_What you need to do_
Your answer should be the lines from the one with "图3为4高压1低压串联负载86mΩ,20mH脉冲输出2000A。" to the end of the data below, both included, exact and free of pictures.

%%

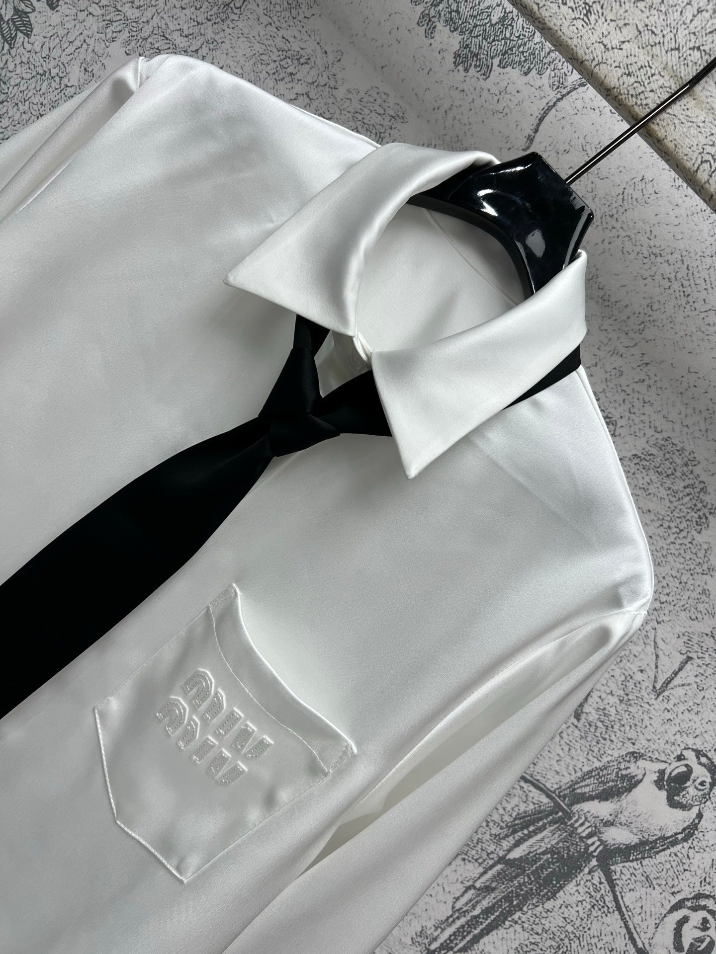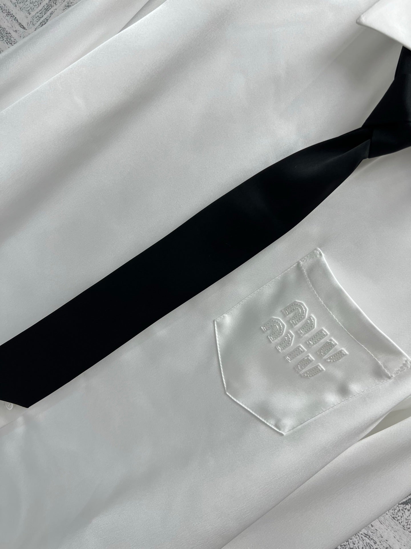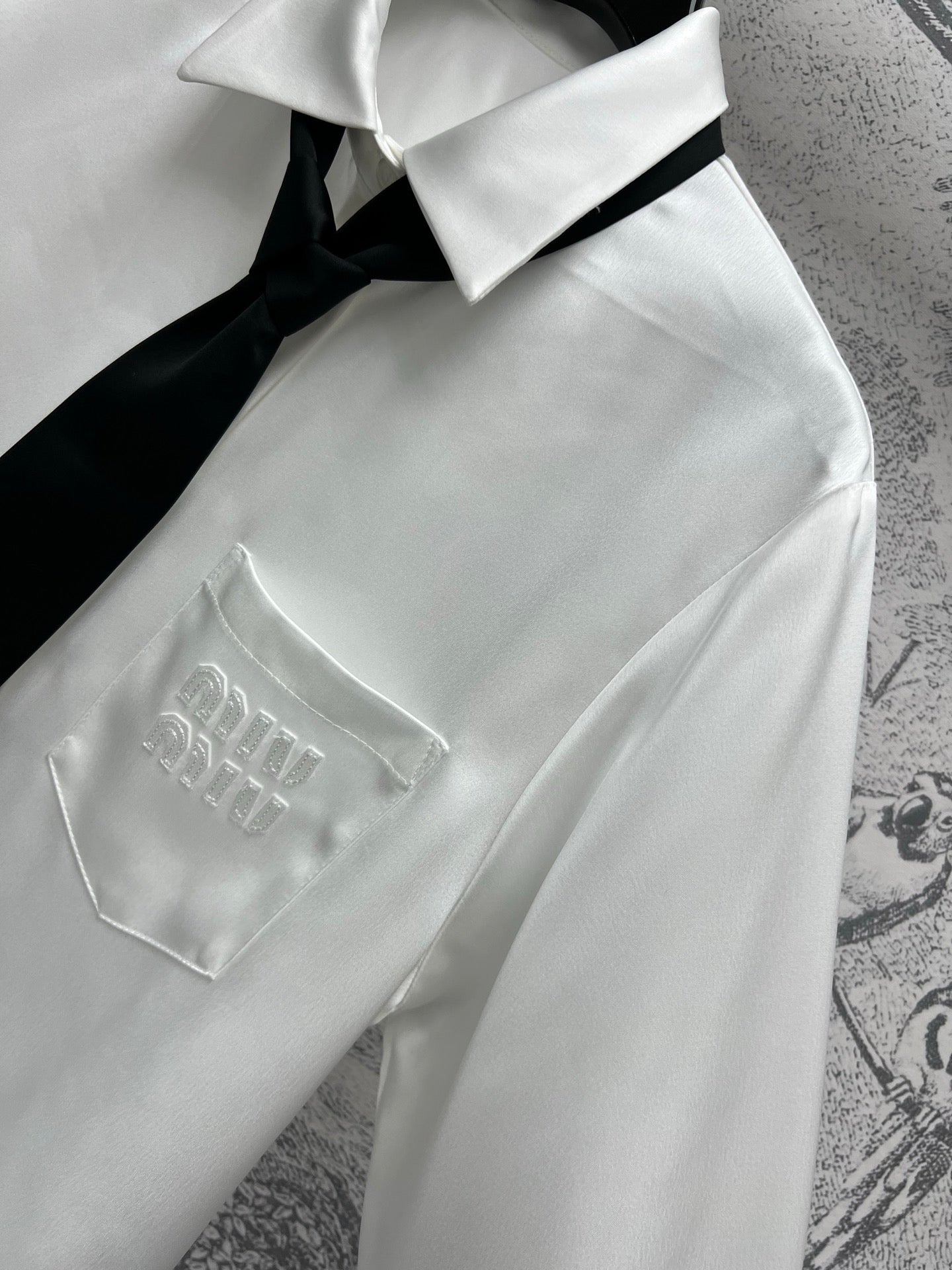 Miu Miu 25 Bow Tie Vest Shirt White Cotton
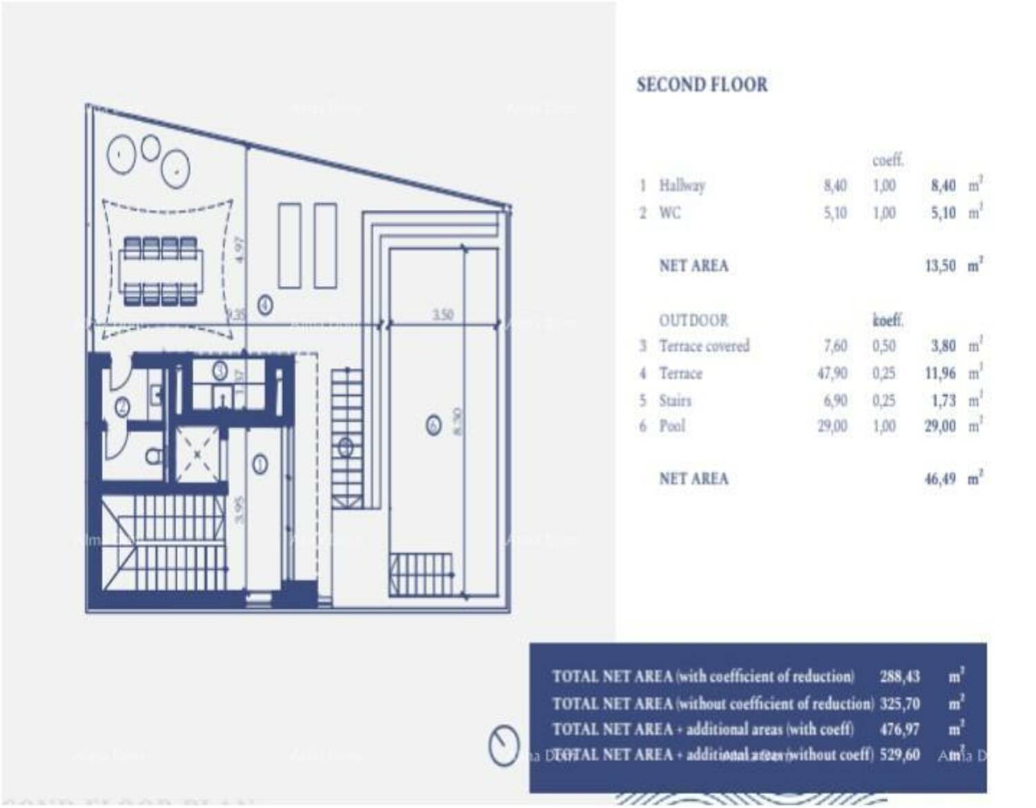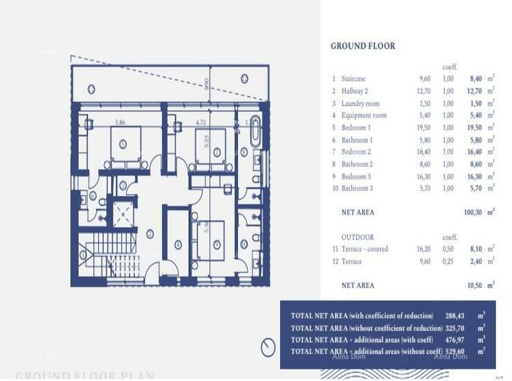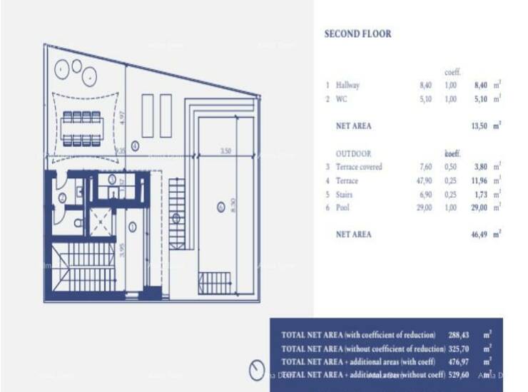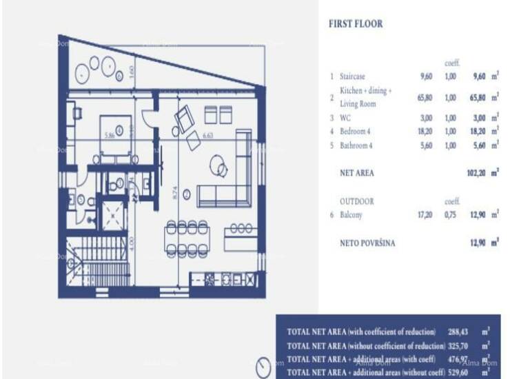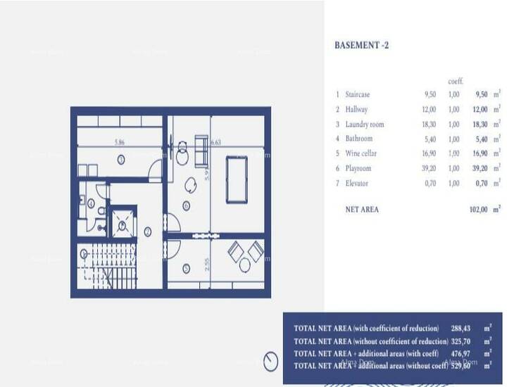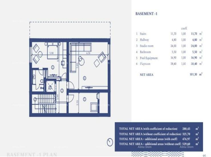 Neto površina vile od 500,59 m2 uključuje,
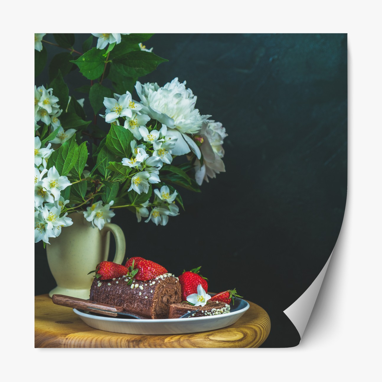 Naklejka repozycjonowalna Rolada czekoladowa z truskawkami i białymi kwiatami
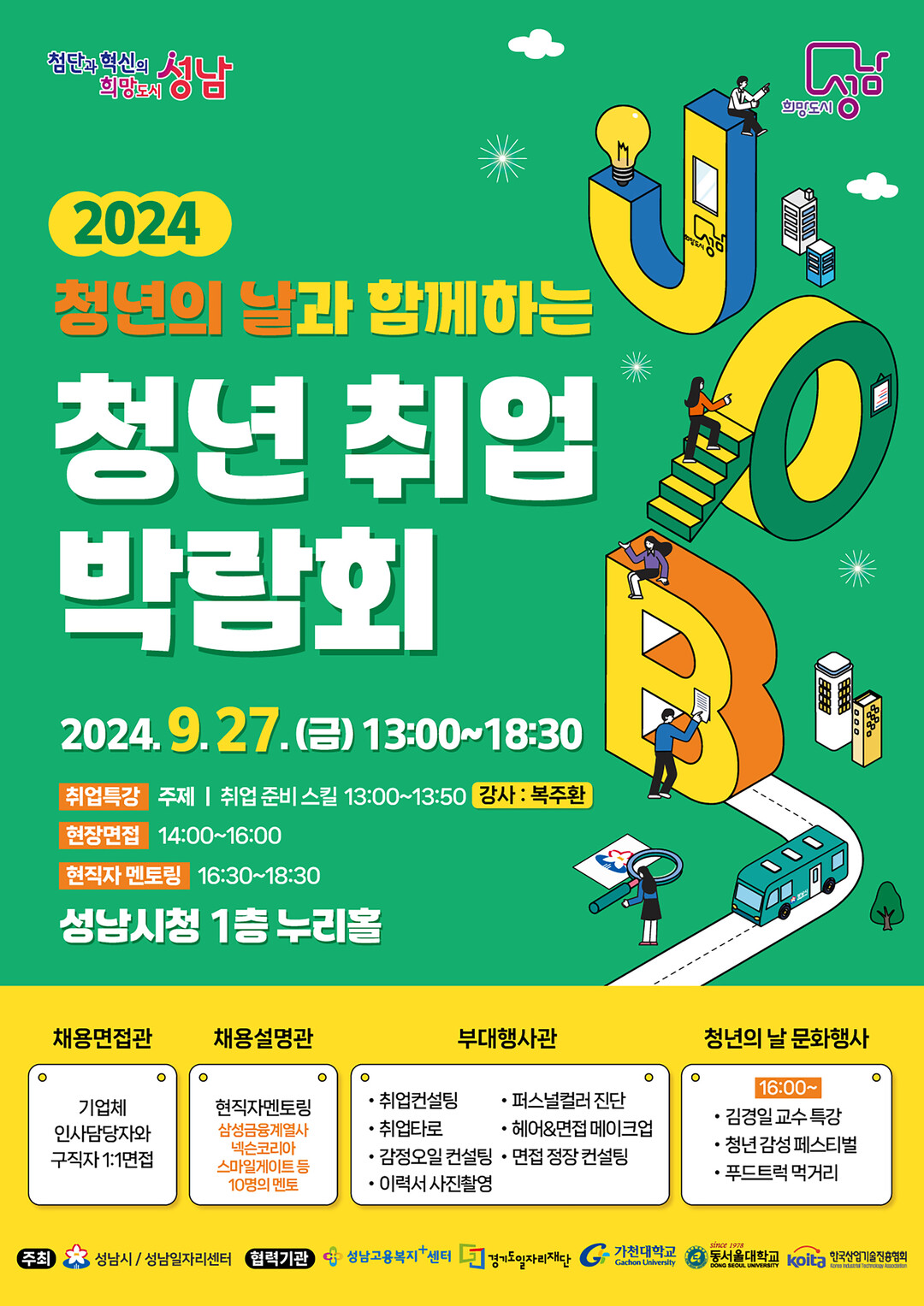 경기 성남시는 오는 27일 오후 1시부터 6시 30분까지 성남시청 1층 누리홀에서 '2024 청년의 날과 함께하는 청년 취업박람회'를 연다고 20일 밝혔다.
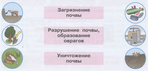 7. Расшифруй условные знаки по теме урока (устно). Укажи стрелками, к каким последствиям для почвы могут привести действия человека, выраженные этими знаками.
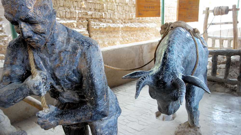 So wurden früher die Felder bewässert: Aus den unterirdischen Kanälen (wegen der Verdunstung unterirdisch) wurde das Wasser geschöpft.
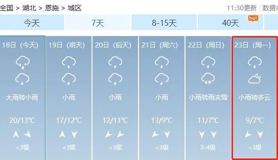 20日天气:鄂西北、鄂西南、江汉平原阴天转小雨;其他地区阴天间多
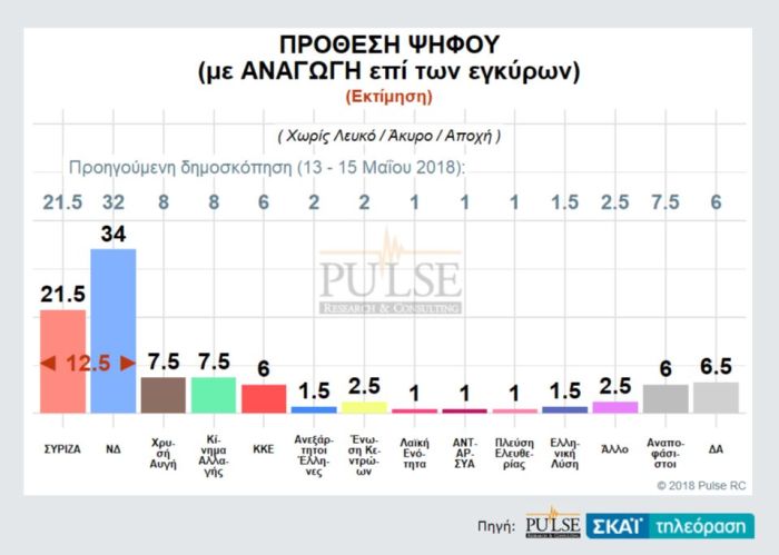 Προβάδισμα 12,5 μονάδων δίνει στη Νέα Δημοκρατία έναντι του ΣΥΡΙΖΑ νέα δημοσκόπηση της Pulse για λογαριασμό του τηλεοπτικού σταθμού ΣΚΑΪ.
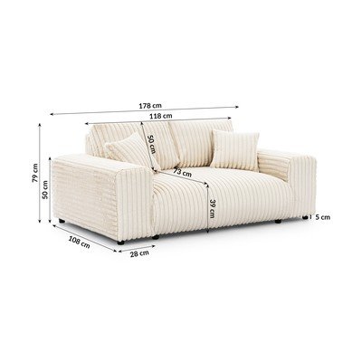 Velveta, krēmkrāsas, ūdensizturīgs/pret traipiem noturīgs, divvietīgs, platums 178 cm
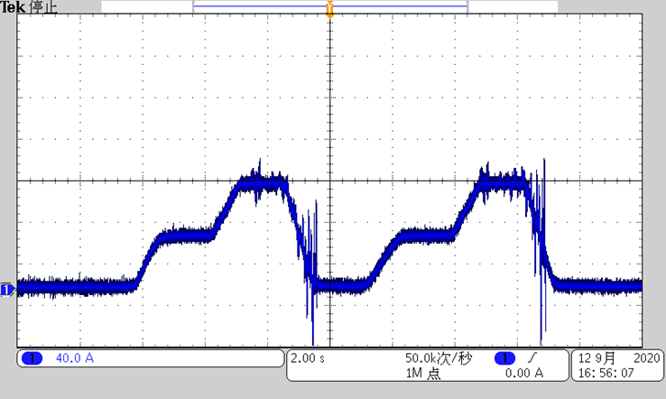 图3为4高压1低压串联负载86mΩ,20mH脉冲输出2000A。
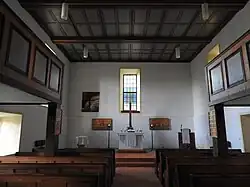 Das Kirchenschiff ist innen schlicht ausgestattet. Die Emporen und der Mittelgang wurden wie im ausgebrannten Schiff wieder eingebaut. Im Altarraum wurden ein Altar mit Kreuz, ein Predigtpult und der Taufstein aufgestellt. Unter den Emporen befindet sich ein Gemeinderaum. Die Patronatsloge wurde als Sakristei umfunktioniert.

%%

_Result below_
 图3为4高压1低压串联负载86mΩ,20mH脉冲输出2000A。
 Das Kirchenschiff ist innen schlicht ausgestattet. Die Emporen und der Mittelgang wurden wie im ausgebrannten Schiff wieder eingebaut. Im Altarraum wurden ein Altar mit Kreuz, ein Predigtpult und der Taufstein aufgestellt. Unter den Emporen befindet sich ein Gemeinderaum. Die Patronatsloge wurde als Sakristei umfunktioniert.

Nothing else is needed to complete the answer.